I enjoy the more difficult argument. I enjoy trying to get to the bottom and to the truth of things but I tend to think that the most popular view doesn’t have a great record on a lot of things. It’s quite often wrong. So, I think, how is it wrong? I go and do research to discover if it is right or wrong, and try to figure a way to counter. That’s fun. I’ve always said we make progress by disputation and argument. That’s why the First Amendment is so important and the cancel culture is so bad. When you make arguments, they are never perfectly formed. Ever. They are imperfectly formed. You state an opinion and inevitably someone will know something that you don’t or think about it in a way that you don’t and will point out the errors in your opinion and so you reconvene and you try to make a better opinion, a more informed opinion and you stumble towards your better self and your better ideas.
The Cancel Culture is so ready to hold people accountable for arguments that are not perfectly formed and not perfectly stated. Listen, there’s no place in the world for racism and bigotry but in a world where people are preaching tolerance they should have some tolerance for people who make a mistake here or there for their phrasing of an argument. That’s why the First Amendment is so important. We should all take a deep breath.
There’s the idea of the straw man. The opposite should be the case. You should make a steel man out of your opponents’ arguments and ideas. You should try to formulate the most perfect idea of what someone is saying in the most perfectly stated verbiage to hold up their idea in its best essence and say I get what you’re trying to say and how is it assailable, how is it wrong? That’s how you get better at everything.
GWK: If you could require every player on Tour to read one book, what would it be?

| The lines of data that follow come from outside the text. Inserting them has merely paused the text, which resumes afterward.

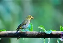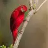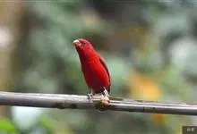血雀雀科朱雀属鸟类,体重36-49克;体长155-182毫米。雄鸟除眼先、翼与尾为黑色外,通体为鲜红色;嘴鲜黄;雌鸟暗橄榄绿色,羽端较淡或带黄色;腰鲜黄;嘴较暗。虹膜褐色;嘴黄色;腿和脚褐色。…全部>>
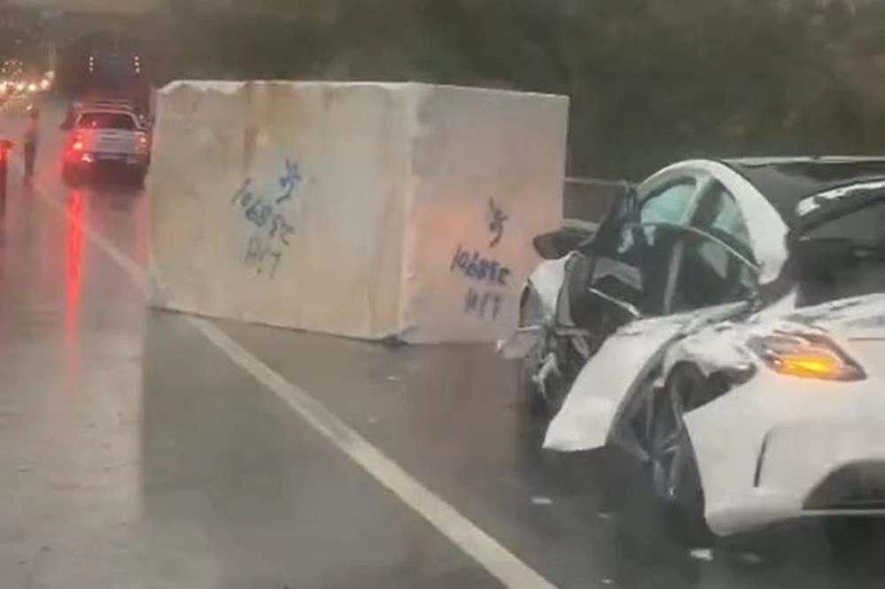 Türkiye’nin en yoğun mermer varlığına sahip bölgelerin başında gelen Aydın ve Muğla illerinde mermer taşıyan kamyonlar, sürücülerin korkulu rüyası haline gelmeye başladı. Aydın-Muğla Karayolu Yatağan yakınlarında kasasına yüklenen tonlarca ağırlığındaki mermer blok ile seyreden kamyonun şoförü, virajdan dönmek istediği sırada kontrolünü kaybedince yükü yola düşürdü. Bu sırada arkadan gelen otomobilin sürücüsü mermer blokun araçla birlikte kendilerini ezeceğini fark edince ani manevra yaparak faciayı önledi. Aracın sol tarafını ezip geçen mermer blok yol ortasında kalınca, hasar alan otomobil de kullanılamaz hale geldi. Trafik ekipleri tarafından ilginç kaza ile ilgili soruşturma başlatılırken, olayda can kaybı yaşanmaması teselli kaynağı oldu.
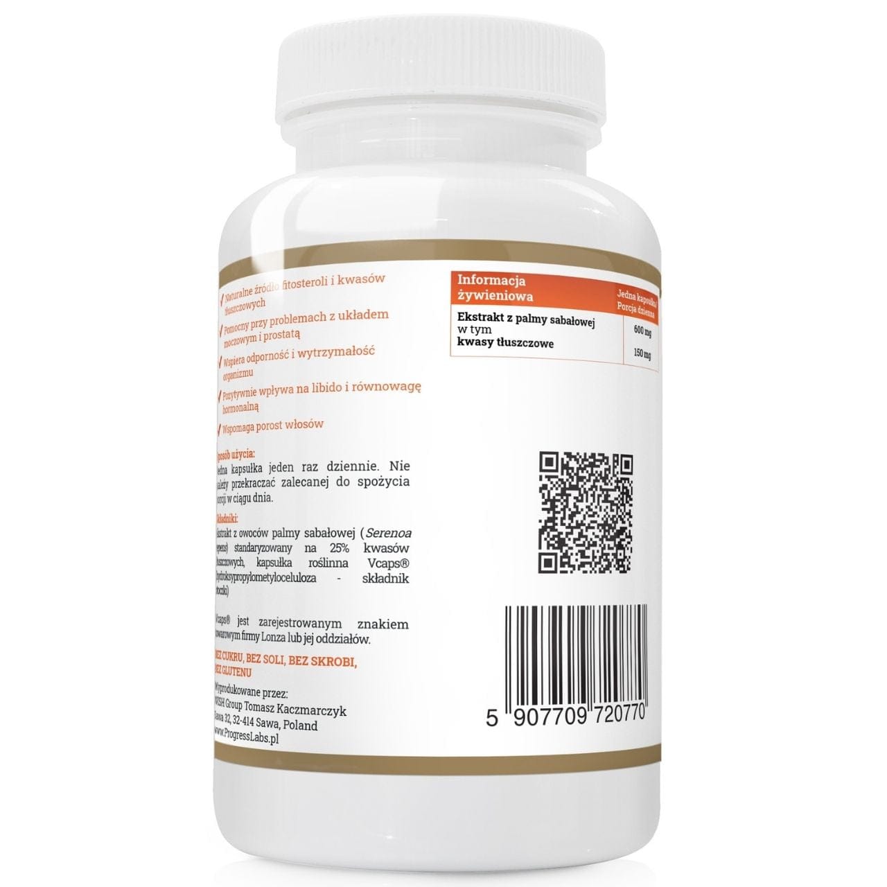 Progress Labs Saw Palmetto is a dietary supplement in capsule form. Source of saw palmetto fruit extract, standardised to contain 25% fatty acids. Provides 600 mg of the substance in 1 capsule.

BC: I think the most important book I’ve read in informing me is Guns, Germs and Steel written by Jared Diamond. If school kids were made to read it in school, ignorance, bigotry and prejudice would be gone. I can hardly think of a more important book to read. The Gulag Archipelago by Aleksandr Solzhenitsyn, every American should read that book. Those books right there just inform you about why man is the way he is, keep you on guard for the malevolence in men and gives you a great philosophical foundation to go learn, study or think about or talk about whatever you want to talk about.
I’ve never come across anyone smarter than Friedrich Nietzsche. If I can get on a soap box for a minute, I think this generation feels entitled to be happy. I think that’s a very dangerous thought. Friedrich Nietzsche has a great line that he who has a why to live can bear almost any how. If you have meaning in your life then you can deal with adversity and stumble towards your better self. It’s a marvelous philosophical precept. No one deserves to be happy. If you’re lucky, you can find something that gives meaning to your life, which will then allow you to be happy. It’s not happiness. It’s meaning, which allows you to deal with adversity. Adversity is everywhere. You deal with it every day in large and small capacities. Those are books that mean a lot to me.